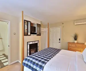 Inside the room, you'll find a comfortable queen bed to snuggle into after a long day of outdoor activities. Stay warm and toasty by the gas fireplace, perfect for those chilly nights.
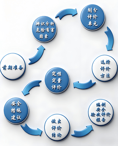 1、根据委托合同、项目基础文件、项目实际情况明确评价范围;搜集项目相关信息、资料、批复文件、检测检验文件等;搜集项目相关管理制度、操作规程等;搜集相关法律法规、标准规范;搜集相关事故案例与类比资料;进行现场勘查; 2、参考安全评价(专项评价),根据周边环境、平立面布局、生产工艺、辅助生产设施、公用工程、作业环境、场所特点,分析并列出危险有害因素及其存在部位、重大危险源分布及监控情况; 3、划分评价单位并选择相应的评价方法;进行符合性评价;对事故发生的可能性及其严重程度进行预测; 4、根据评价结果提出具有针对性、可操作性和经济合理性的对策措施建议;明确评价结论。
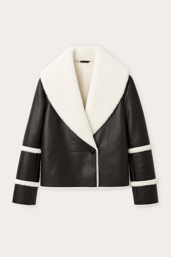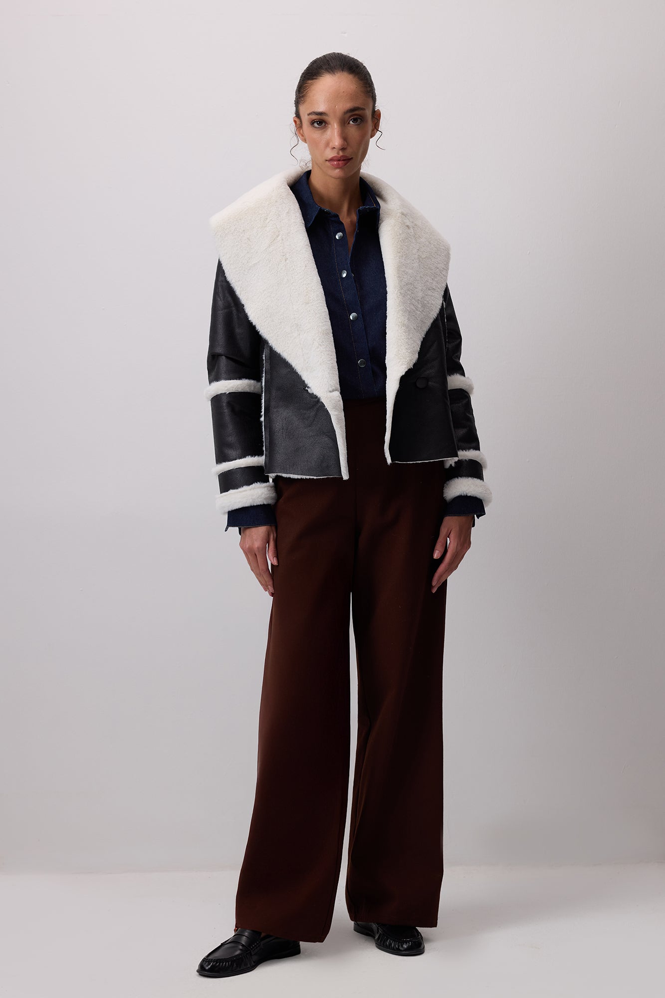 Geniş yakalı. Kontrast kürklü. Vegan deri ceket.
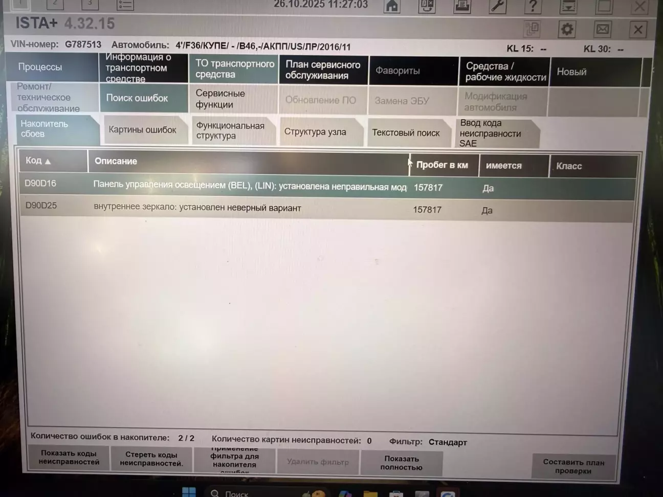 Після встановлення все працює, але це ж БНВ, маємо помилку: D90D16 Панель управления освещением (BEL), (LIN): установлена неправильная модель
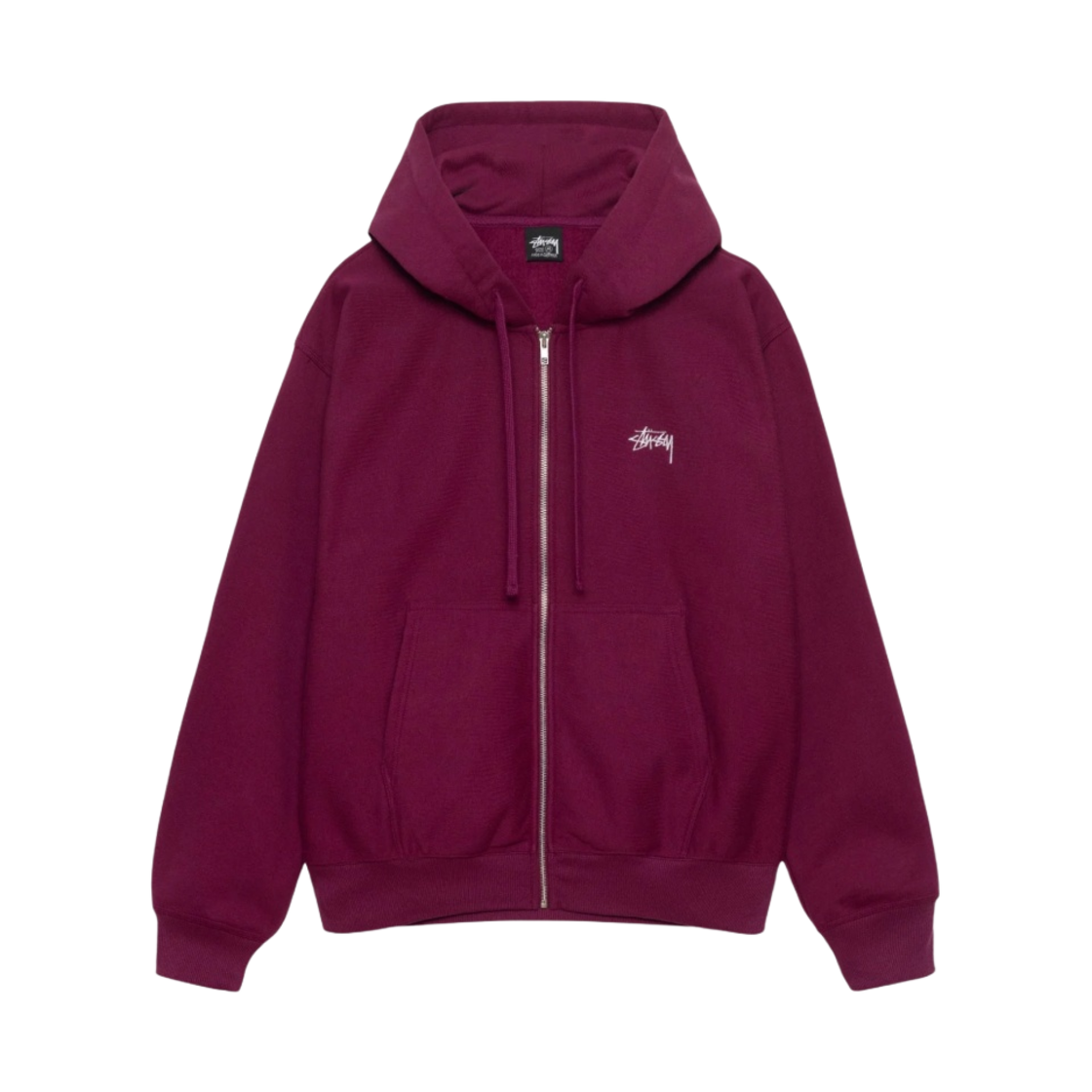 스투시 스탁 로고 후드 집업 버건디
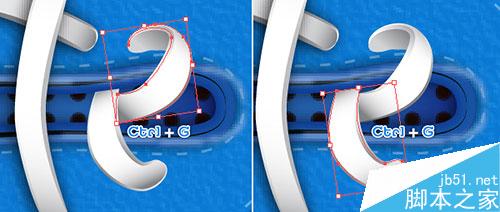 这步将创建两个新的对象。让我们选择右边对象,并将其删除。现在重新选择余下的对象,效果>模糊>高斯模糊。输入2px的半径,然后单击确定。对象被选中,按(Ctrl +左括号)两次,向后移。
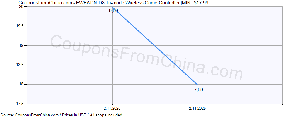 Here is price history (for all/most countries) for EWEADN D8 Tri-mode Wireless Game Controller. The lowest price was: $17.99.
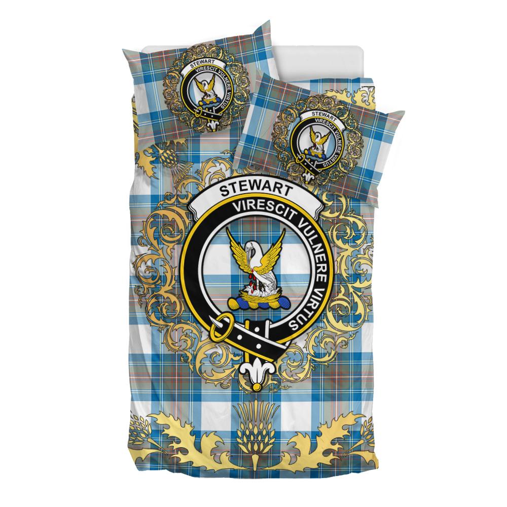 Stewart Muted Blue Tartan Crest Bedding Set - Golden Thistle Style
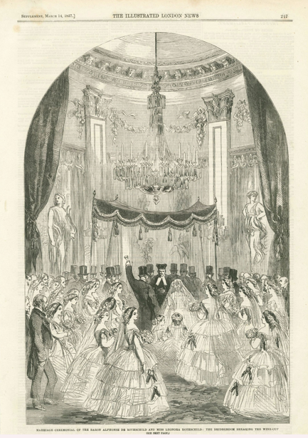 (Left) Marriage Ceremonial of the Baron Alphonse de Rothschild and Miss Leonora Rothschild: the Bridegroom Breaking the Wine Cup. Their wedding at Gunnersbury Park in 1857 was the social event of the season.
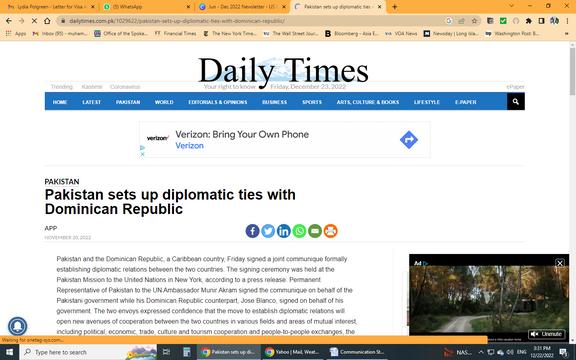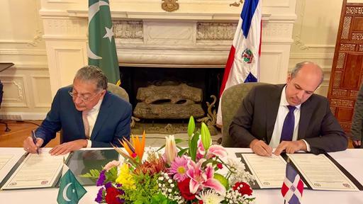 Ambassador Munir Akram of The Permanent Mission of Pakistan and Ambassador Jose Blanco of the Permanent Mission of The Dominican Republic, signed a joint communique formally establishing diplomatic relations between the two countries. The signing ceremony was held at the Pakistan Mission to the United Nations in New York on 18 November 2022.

◇ ◇ ◇ ◇ ◇

**WHAT YOU NEED TO DO**
Give again, word for word, every line from the top of the data through the line with "(Left) Marriage Ceremonial of", both ends included, and exclude the pictures.

**EXERCISE OUTPUT**
 Inside the room, you'll find a comfortable queen bed to snuggle into after a long day of outdoor activities. Stay warm and toasty by the gas fireplace, perfect for those chilly nights.
 1、根据委托合同、项目基础文件、项目实际情况明确评价范围;搜集项目相关信息、资料、批复文件、检测检验文件等;搜集项目相关管理制度、操作规程等;搜集相关法律法规、标准规范;搜集相关事故案例与类比资料;进行现场勘查; 2、参考安全评价(专项评价),根据周边环境、平立面布局、生产工艺、辅助生产设施、公用工程、作业环境、场所特点,分析并列出危险有害因素及其存在部位、重大危险源分布及监控情况; 3、划分评价单位并选择相应的评价方法;进行符合性评价;对事故发生的可能性及其严重程度进行预测; 4、根据评价结果提出具有针对性、可操作性和经济合理性的对策措施建议;明确评价结论。
 Geniş yakalı. Kontrast kürklü. Vegan deri ceket.
 Після встановлення все працює, але це ж БНВ, маємо помилку: D90D16 Панель управления освещением (BEL), (LIN): установлена неправильная модель
 스투시 스탁 로고 후드 집업 버건디
 这步将创建两个新的对象。让我们选择右边对象,并将其删除。现在重新选择余下的对象,效果>模糊>高斯模糊。输入2px的半径,然后单击确定。对象被选中,按(Ctrl +左括号)两次,向后移。
 Here is price history (for all/most countries) for EWEADN D8 Tri-mode Wireless Game Controller. The lowest price was: $17.99.
 Stewart Muted Blue Tartan Crest Bedding Set - Golden Thistle Style
 (Left) Marriage Ceremonial of the Baron Alphonse de Rothschild and Miss Leonora Rothschild: the Bridegroom Breaking the Wine Cup. Their wedding at Gunnersbury Park in 1857 was the social event of the season.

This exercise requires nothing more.